Missing kids on radio, TV

BY JANE PRENDERGAST
The Cincinnati Enquirer

amber
Amber
        COVINGTON — The next time a Tristate child comes up missing, anyone listening to the radio or watching TV will know it — quick.

        Tristate police and media outlets today will announce a new cooperative effort aimed at putting the public to work for them to find children. The Amber Plan, named for a girl kidnapped in Texas, sends notices about crucial cases over the same TV and radio stations that alert people to bad weather.

        The idea: Reach as many sets of eyes and ears as fast as possible. Statistics show that 75 percent of kidnapped and slain children are killed within three hours of the time they disappeared, according to the National Center for Missing & Exploited Children.

        “You can imagine how far an abductor can get with a small child in a couple of hours,” said Cincinnati Sgt. Dave Wuest, a personal crimes officer who helped coordinate his city's involvement in the program.

        The plan, like similar ones in Kansas City, Memphis and Houston, is named for Amber Hagerman, a 9-year-old girl from Arlington, Texas, who was kidnapped in January 1996. She was later found dead. Her killer has not been found.

TIPS FOR PARENTS
  • Have children call home when they go to a friend's house.
  • Walk children to where they will be playing.
  • Get to know neighbors, and take notice of outsiders.
  • Have neighbors take turns watching one another's kids.
  For information about missing children, call the National Center for Missing & Exploited Children, (800) THE-LOST or go online at www.missingkids.com.
        In the aftermath of her disappearance, a radio listener in the area called a station and suggested DJs get involved in helping find missing kids.

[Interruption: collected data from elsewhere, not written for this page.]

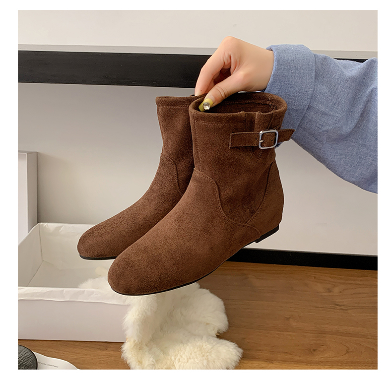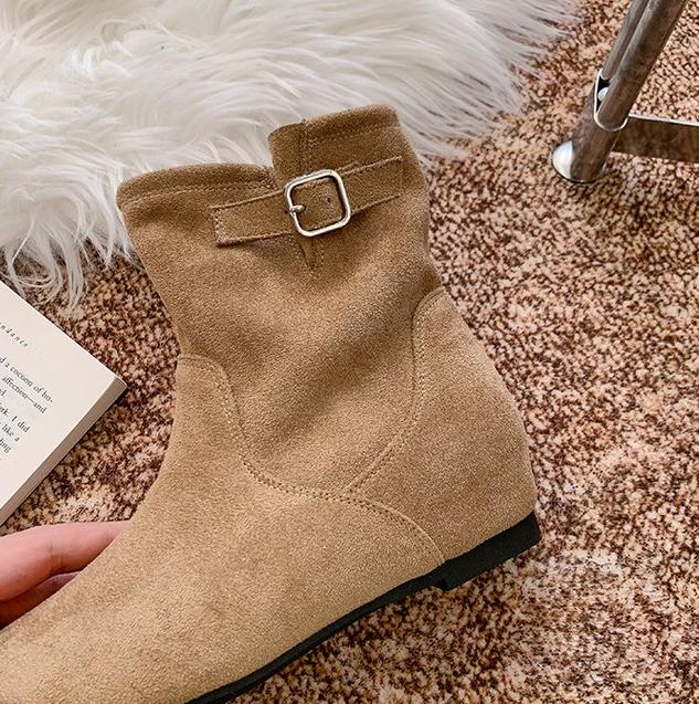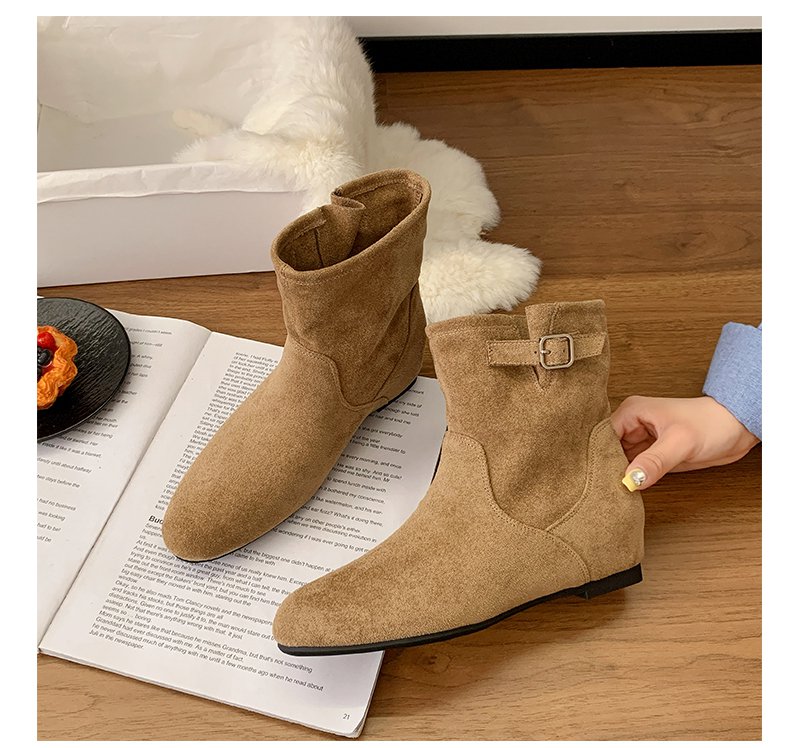 法式圓頭馬丁短靴|隱形內增高設計|西部風平底短筒靴
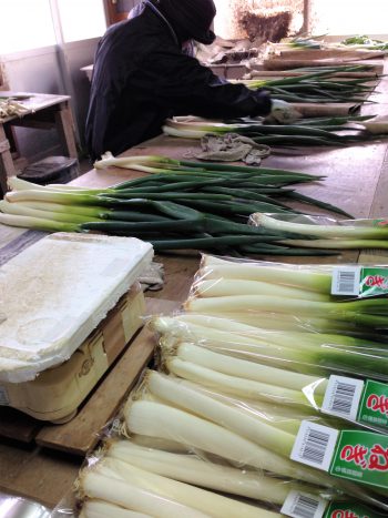 岩津ねぎは洗わず、1本1本エアーで外葉を取り除き、丁寧に拭いてから、長い葉を傷めないようにサイズごとに袋詰めしていきます。全て手作業なので本当に大変です。丁寧に袋詰めされ、段ボールに梱包して出荷されます。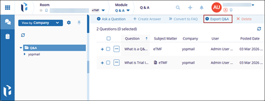 Select a question and click Export Q&A from the top menu bar.
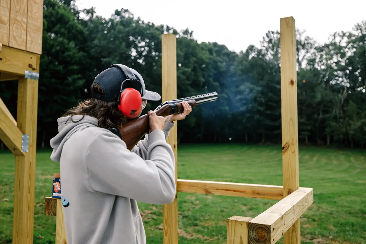 Person aiming shotgun at outdoor clay target shooting range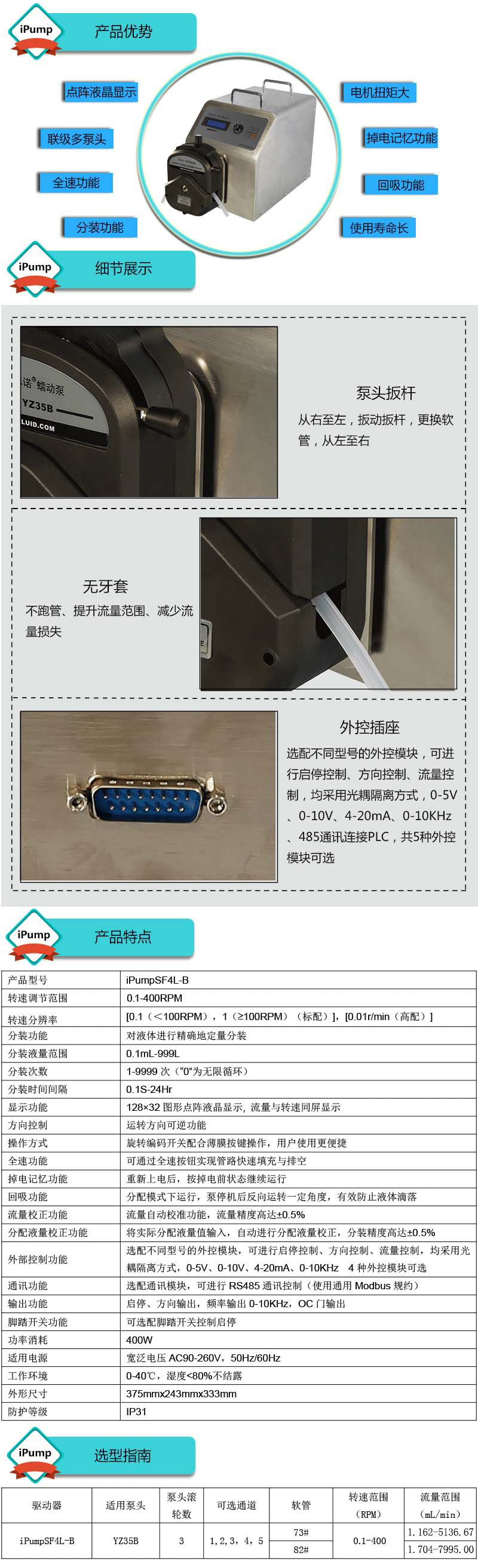 1.流量范圍:1.162-7995mL/min 2.兩種工作模式,流量模式與分配模式可選 3.具有流量校正、分裝液量校正功能 4.分裝精度高達±0.4%以內 5.采用伺服電機驅動,控制準,動力強勁 6.線路板全部三防漆處理,防腐、防潮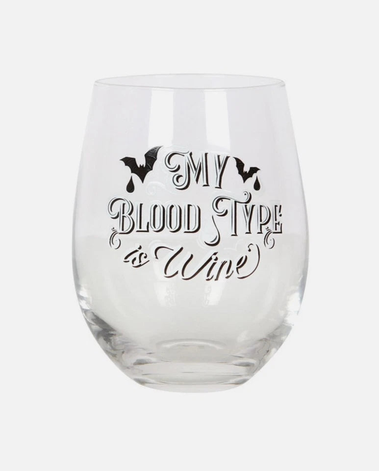 Clear Glass With Black & White Detailing To The Front Which Reads “ My Blood Type Is Wine “ Lovingly Adorned With Gothic Bats 🦇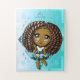 Eine niedliche Pose eines Mädchens in einer inspirierten afrikanischen Kleidung. Ein niedliches Puzzleteil für ein besonderes Mädchen.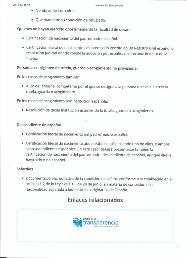 - Documentación acreditativa de la condición de sefardí conforme a lo establecido en el artículo 1.2 de la Ley 12/2015, de 24 de junio, en materia de concesión de la nacionalidad española a los sefardíes originarios de España”.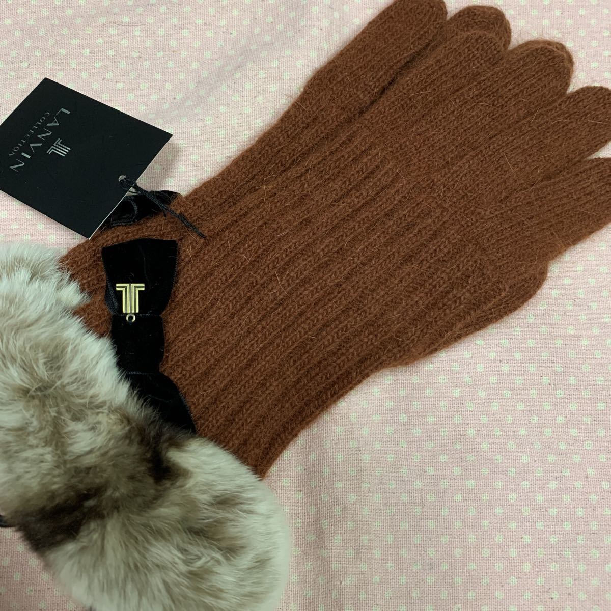 - ランバン 手袋 ニット リボン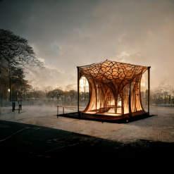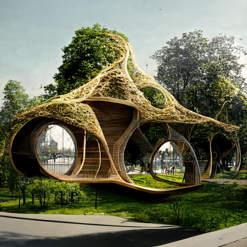 Rather than randomly “pixelating/voxelizing” the mass of the structure, the anatomy of a tree was used to base the form of pixelation. The first floor would be the “trunks,” pulled back and split into separate masses, creating large spaces punctured by glulam columns, as if one was walking through the forest. The second floor would extend significantly out over the first, as if they were the base branches, the thickest ones that extend the most. The third floor, while still branching out would be “thinned” out, much like the branches of a tree when you go up. The fourth floor would house a roof terrace, with very little mass, reflecting the canopy of a tree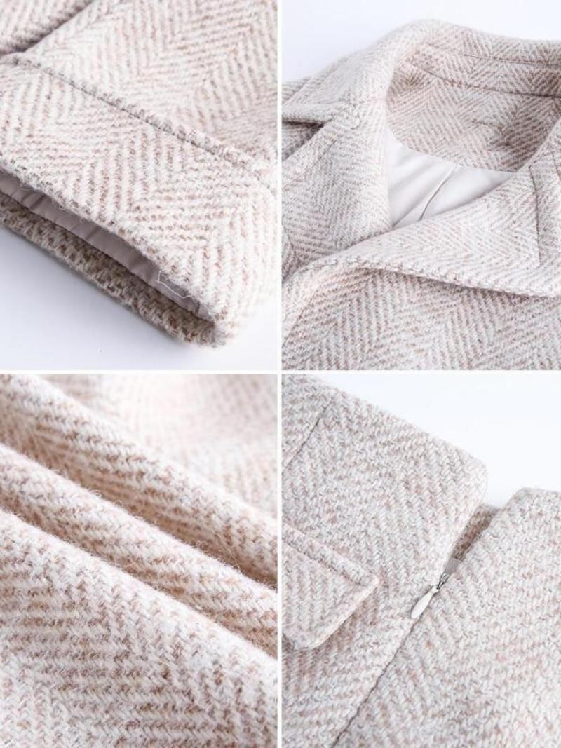 ヘリンボーン素材のミルキーカラーで顔映りも華やかに。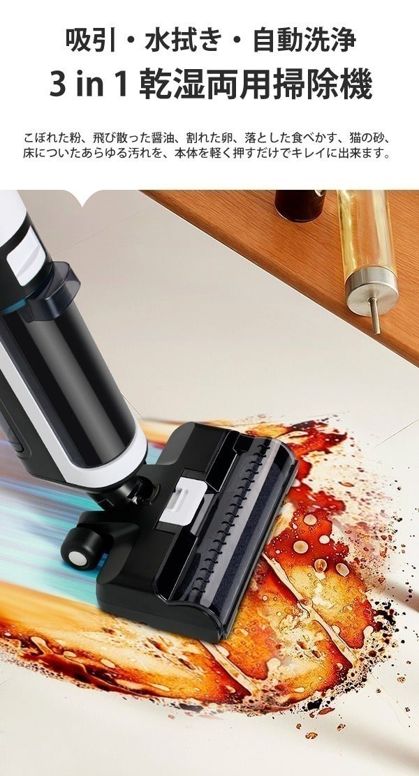便利な水ぶき、吸引、自動洗浄が出来る楽する自動モップ一度お試しください。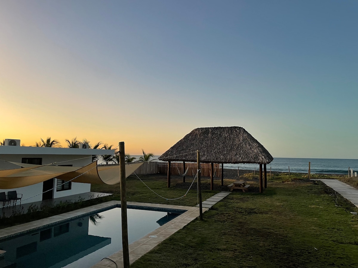 Casa de Playa frente al Mar, completamente privada. La casa cuenta con agua dulce se hizo cisterna para el efecto, y la piscina es de agua salada. Cocina completamente equipada con A/C. Dos habitaciones con A/C y baño privado cada una. Rancho de descanso con hamacas, salida peatonal a la playa, ideal para descansar, acompañado de amigos y familiares, Tranquilo y acogedor. Pensado para la privacidad de nuestros huéspedes. 3 parqueos privados adentro de la propiedad.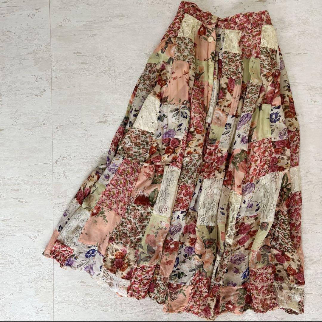 - 昭和レトロ ヴィンテージ 花柄 パッチワーク フレア ロング丈 ボヘミアン ac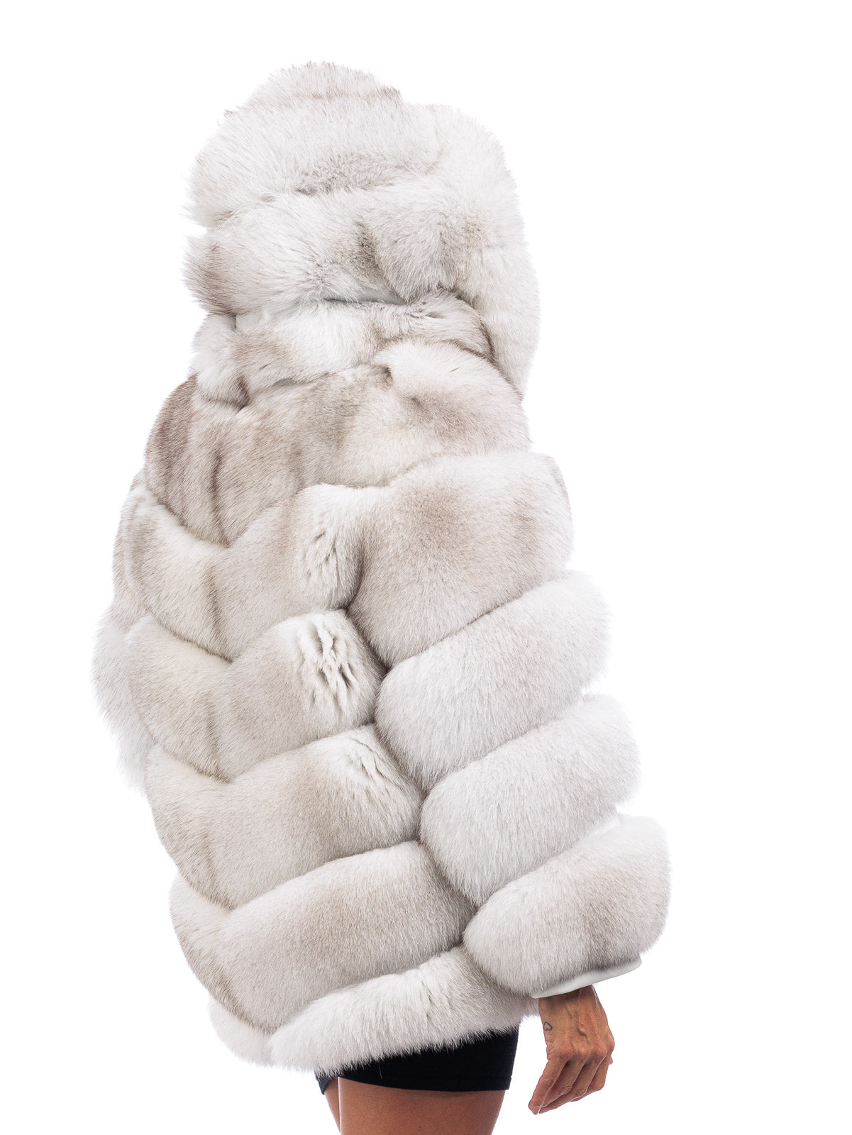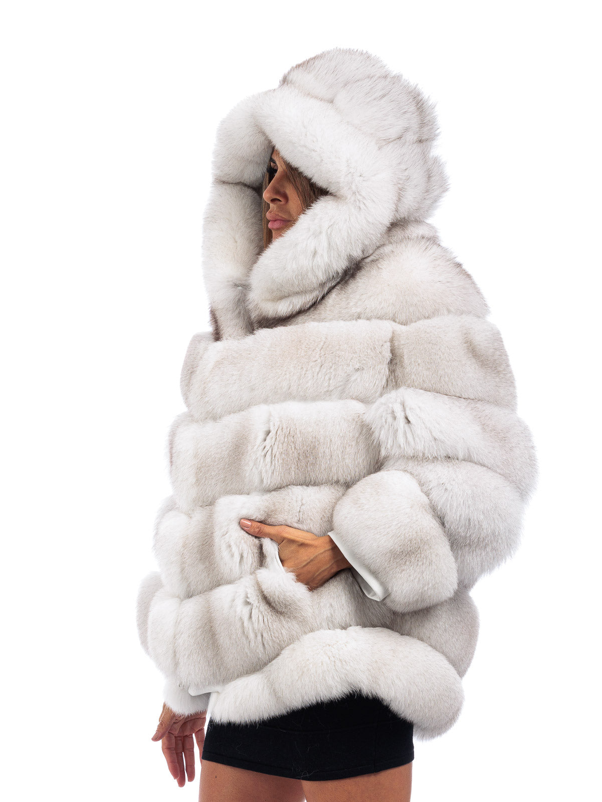Giubbotto in pelliccia di volpe FROST con lavorazione a spiga con cappuccio

That idea evolved into the plan now heralded nationally.

        In Cincinnati, stations will receive an immediate, automatic notification from area police agencies. It will be up to each station how to relay the alert to viewers, whether by a crawler across the screen, an announcement or other means.

        Texas' Amber plan has been activated 27 times since its beginning in July 1997. Five or six of those times resulted in the return of the child, said Steve Mace, a spokesman for the Texas plan. In one case, a kidnapper set a child free along a highway after hearing a description of his truck on the radio.

        “Every one of these partners that are involved should be applauded for what they are doing for kids,” said Pete Banks, director of training and

        outreach for the national missing-child agency. “This is a big deal.”

        He particularly singled out the Greater Cincinnati effort because it involves so many law-enforcement agencies working together. Police chiefs from many area departments are expected at the press conference this morning.

        Every city's criteria for invoking the Amber Plan may be different, but those from the original Texas plan require that the child be 15 or younger or have a proven mental or physical disability. Police there also must think the child is in danger of serious bodily harm or death.

        More than 860,000 children were reported missing last year in the United States, Mr. Banks said. Most of them were determined to be runaways or abducted in custody situations. About 5,000 were kidnappings by strangers, he said, with 4,700 of those returned to their families within 24 hours.

        Scott Diener, news director for WCPO-TV (Channel 9), said the station was glad to participate.

        “That's what we're here for,” he said. “If it takes 30 seconds or a minute out of General Hospital, then I'll defend that. I think it's that important.”